For organisations, that means embedding risk management early. Centralising controls around data privacy, security and model performance enables innovation without sacrificing trust. The goal isn’t to slow AI adoption, but to make it sustainable.

A practical roadmap for ANZ leaders

To unlock the full potential of AI while managing its risks, ANZ organisations need to start with a clear and achievable strategy — one that ties every initiative to measurable business outcomes. Identify the top three use cases that can deliver tangible impact within six to 12 months and focus resources there.
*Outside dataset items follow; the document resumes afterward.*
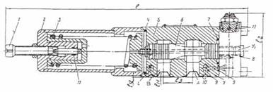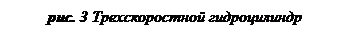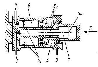 Схема трехскоростного гидроцилиндра с двумя уровнями развиваемой силы показана на рис 3. Такие гидроцилиндры распространены в прессовом оборудовании. Быстрый ход сближения осуществляется заполнением полости через подвод 1 при линиях 2 и 3, соединенных с областью слива. Рабочий ход с малой скоростью на коротком пути осуществляется при питании полостей 4 и 6 через подводы 1 и 2. При этом цилиндр, используемый при максимальной рабочей площади, развивает максимальную силу при наименьшем давлении. Быстрый возвратный ход производится при заполнении полости 5 через линию 3, линии 1 и 2 при этом соединены с областью слива.
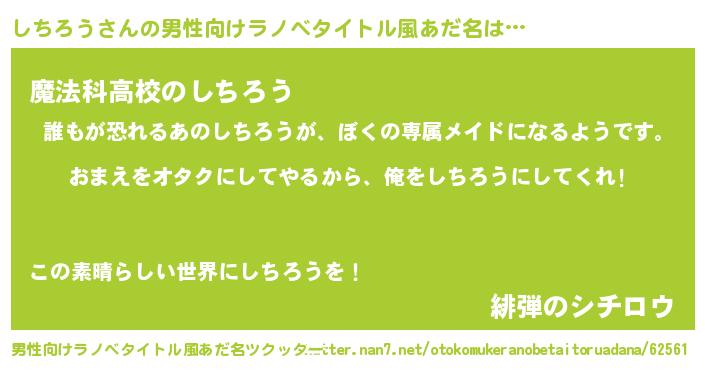 | ヘコむあだ名 | 『しちろう(遠い目)』『豆乳』 |
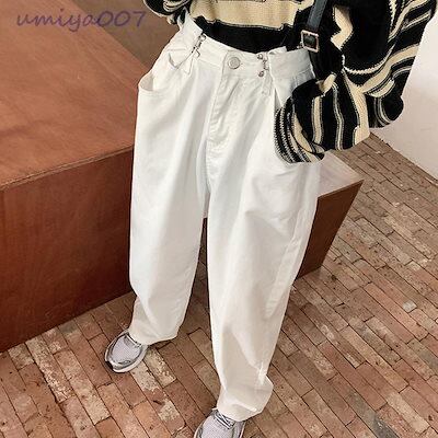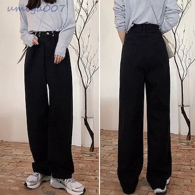 デニムパンツ レディース ワイドパンツ ハイウエスト ボトムス 着やせ ジーンズ ロングパンツ ウエスト調節可能 ゆったり
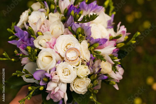 flower, gold, grass, green, holiday, nature, purple, ring, summer, wedding, wedding bouquet, wedding band, white
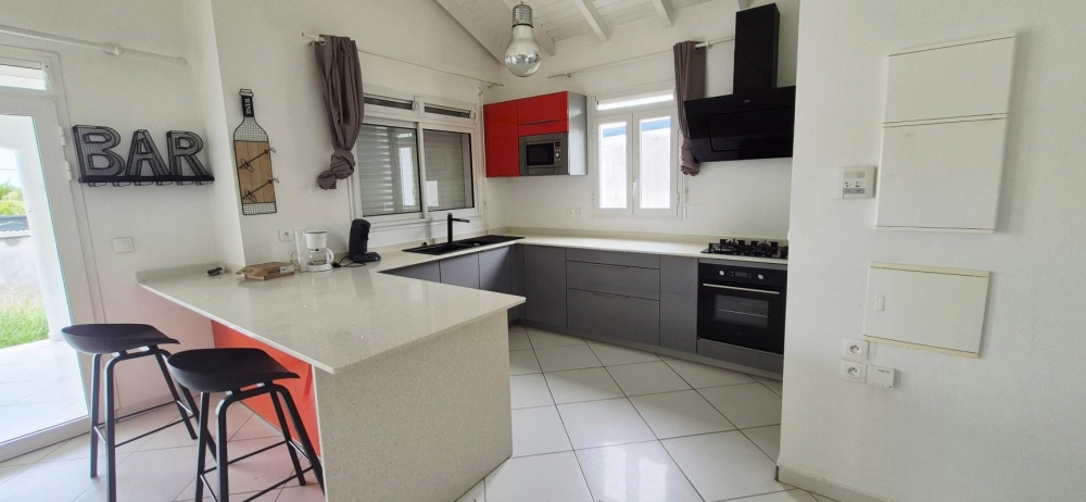 Composée d'une cuisine avec cellier attenant complètement aménagée et équipée, ouverte sur le salon, trois chambres climatisées dont une suite parentale avec salle d'eau et dressing, une seconde salle d'eau et un WC indépendant, une terrasse en L sans aucun vis à vis, citerne d'eau et portail électrique.
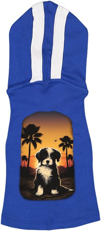 • Palm Graphic Dog Shirt with Hoodie will keep your dog warm without adding any weight. The cuffs and hem are designed with elastic ribs to effectively lock in warmth. Also, this hoodie retains its shape well after washing.
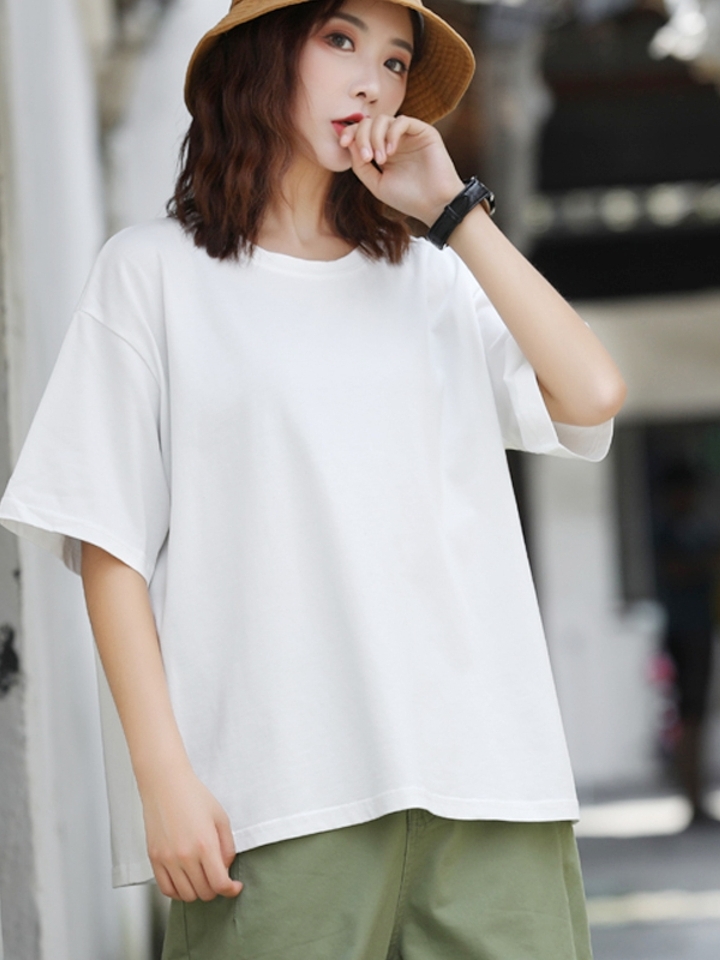 简洁的圆领设计,宽松的版型设计,慵懒风十足。

At the same time, data trust must become a board-level metric. Move away from fragmented ‘data projects’ towards a unified foundation built on quality, lineage, access controls and clear ownership. This shift transforms data from a technical asset into a strategic enabler of AI at scale.

A platform-based approach is key. Giving teams secure, governed access to AI models and tools allows pilots to transition into production quickly — without costly rework — accelerating time-to-value while maintaining compliance and control.

Governance must underpin every stage of the AI lifecycle, not be applied as an afterthought. Business leaders should define model risk thresholds, establish regular monitoring cadences and develop incident playbooks before scaling any AI deployment. By integrating governance early, organisations can innovate with confidence while maintaining accountability, ensuring AI delivers trusted, compliant and high-impact outcomes.

To maximise return on investment, business leaders should measure outcomes, not activity. Track production-ready models, user adoption, cost savings, and new revenue streams that AI initiatives generate. These are the metrics that reflect true enterprise value.

The ANZ region is entering a decisive phase in the AI journey. The technology is ready, the guardrails are forming and the competitive pressure is building.

Success will depend on how well organisations can connect innovation with discipline — scaling AI through trusted data, strong governance and measurable impact. Those that make this shift now will not only lift productivity and resilience but set the benchmark for responsible AI leadership across the region.